A faithful copy of the listing below is needed, one that contains no pictures.

*** Opening of DATA EXTRACT ***

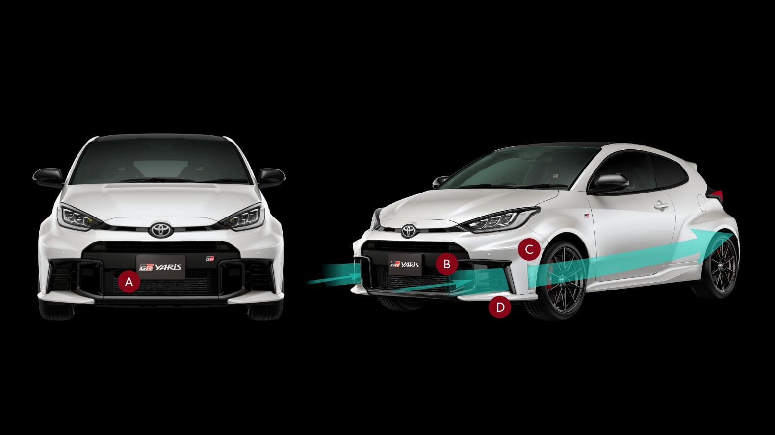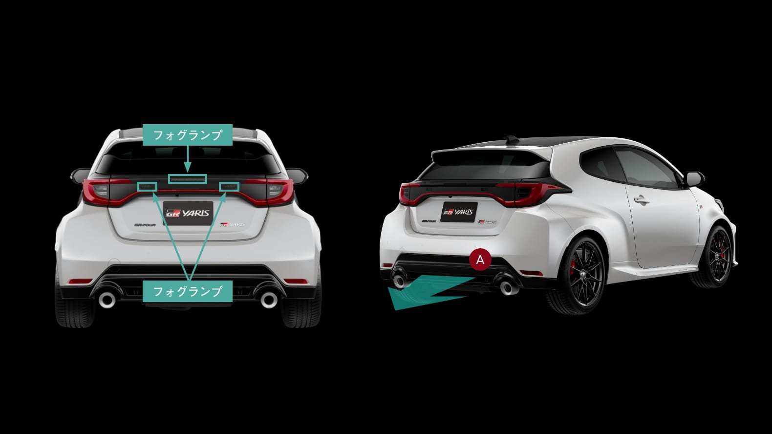 モータースポーツ参戦中の損傷回避と視認性を考慮し、リヤランプ類を中央へ集約。一文字に繋がる一体感のあるテールランプとすることで、GRヤリスらしい性能由来のデザインとしたほか、ハイマウントストップランプがリヤスポイラーと別体になったことで、リヤスポイラーのカスタマイズ性を拡張。さらに、リヤロアガーニッシュ下端( A )に開口部を設け、床下からの空気を抜くことで、空気抵抗を下げ操縦安定性を向上させるとともに、マフラーの熱を排出している。
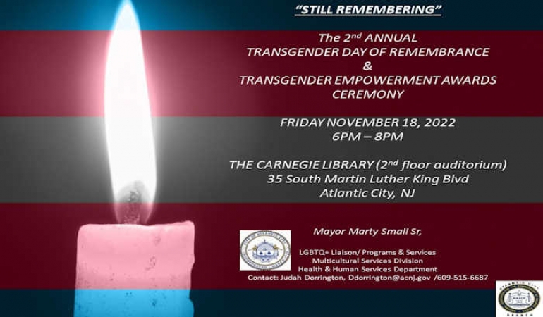 The City of Atlantic City LGBTQ+ Programs and Services and The Atlantic City NAACP LGBTQ+ Silver Linings Committee, along with our 2022 Transgender Day of Remembrance Committee Ten'e Long, Ebony Hickson, Seng Cox, and Phantyzee Diore invite you to Celebrate Transgender Day of Remembrance and Empowerment Awards Ceremony.
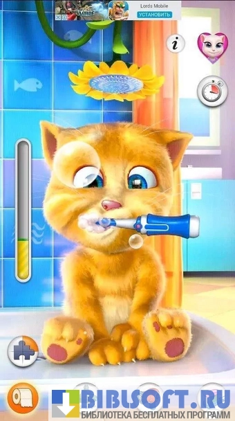 Talking Ginger (Говорящий Джинджер) - забавная интерактивная игра для Android с милым котенком. Игра подходить для ребят дошкольного возраста. Общение с котенком по имени Джинджер не только весело, но и полезно, поскольку вместе с питомцем можно чистить зубы.
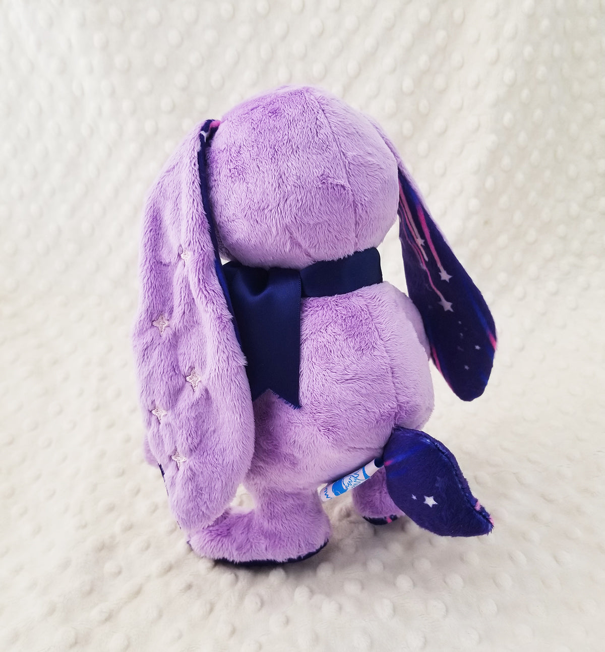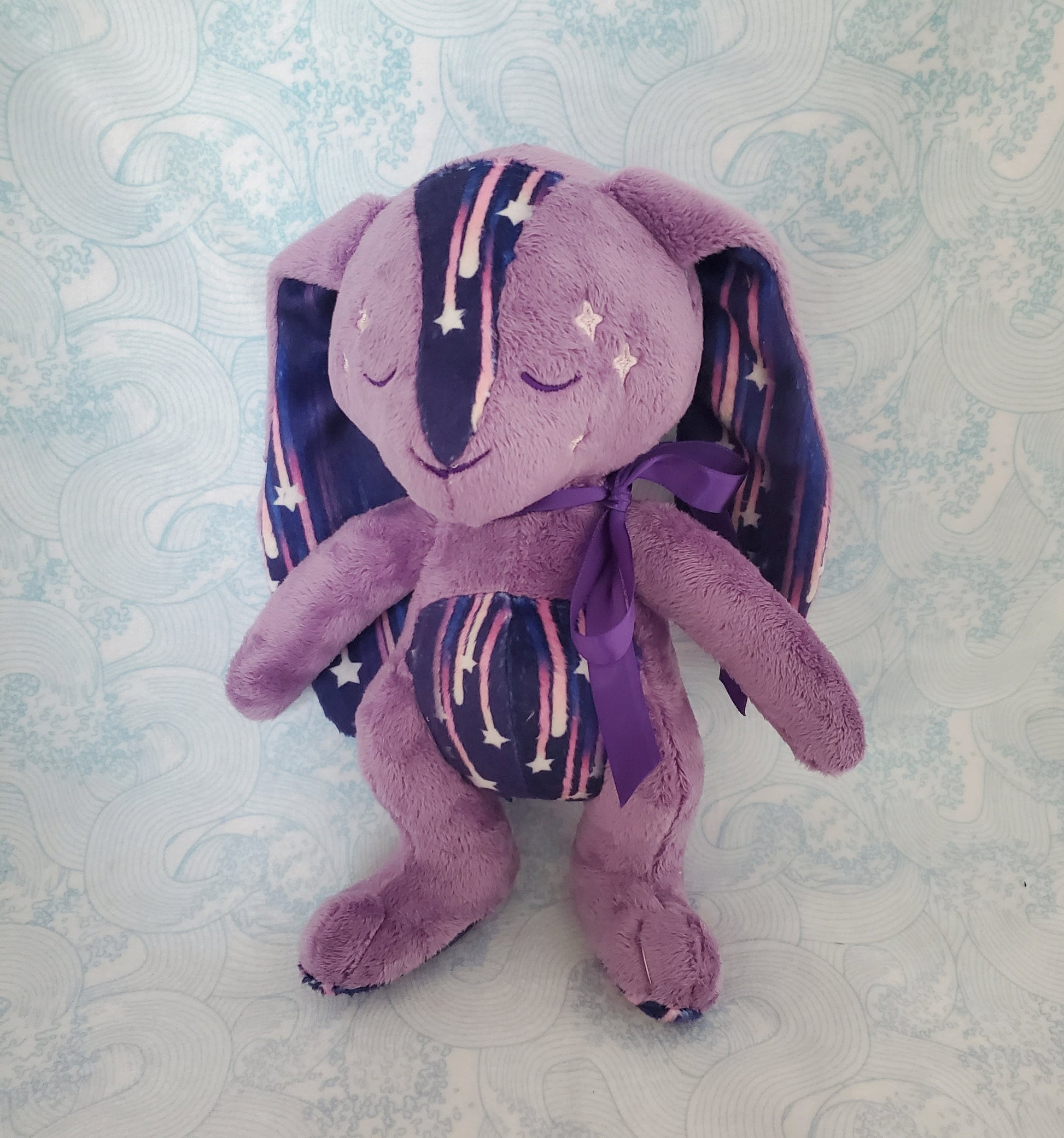 Made with soft minky fabric and stuffed with polyester fiber. Machine embroidered details.

*** Close of DATA EXTRACT ***

_TASK RESPONSE_:
 モータースポーツ参戦中の損傷回避と視認性を考慮し、リヤランプ類を中央へ集約。一文字に繋がる一体感のあるテールランプとすることで、GRヤリスらしい性能由来のデザインとしたほか、ハイマウントストップランプがリヤスポイラーと別体になったことで、リヤスポイラーのカスタマイズ性を拡張。さらに、リヤロアガーニッシュ下端( A )に開口部を設け、床下からの空気を抜くことで、空気抵抗を下げ操縦安定性を向上させるとともに、マフラーの熱を排出している。
 The City of Atlantic City LGBTQ+ Programs and Services and The Atlantic City NAACP LGBTQ+ Silver Linings Committee, along with our 2022 Transgender Day of Remembrance Committee Ten'e Long, Ebony Hickson, Seng Cox, and Phantyzee Diore invite you to Celebrate Transgender Day of Remembrance and Empowerment Awards Ceremony.
 Talking Ginger (Говорящий Джинджер) - забавная интерактивная игра для Android с милым котенком. Игра подходить для ребят дошкольного возраста. Общение с котенком по имени Джинджер не только весело, но и полезно, поскольку вместе с питомцем можно чистить зубы.
 Made with soft minky fabric and stuffed with polyester fiber. Machine embroidered details.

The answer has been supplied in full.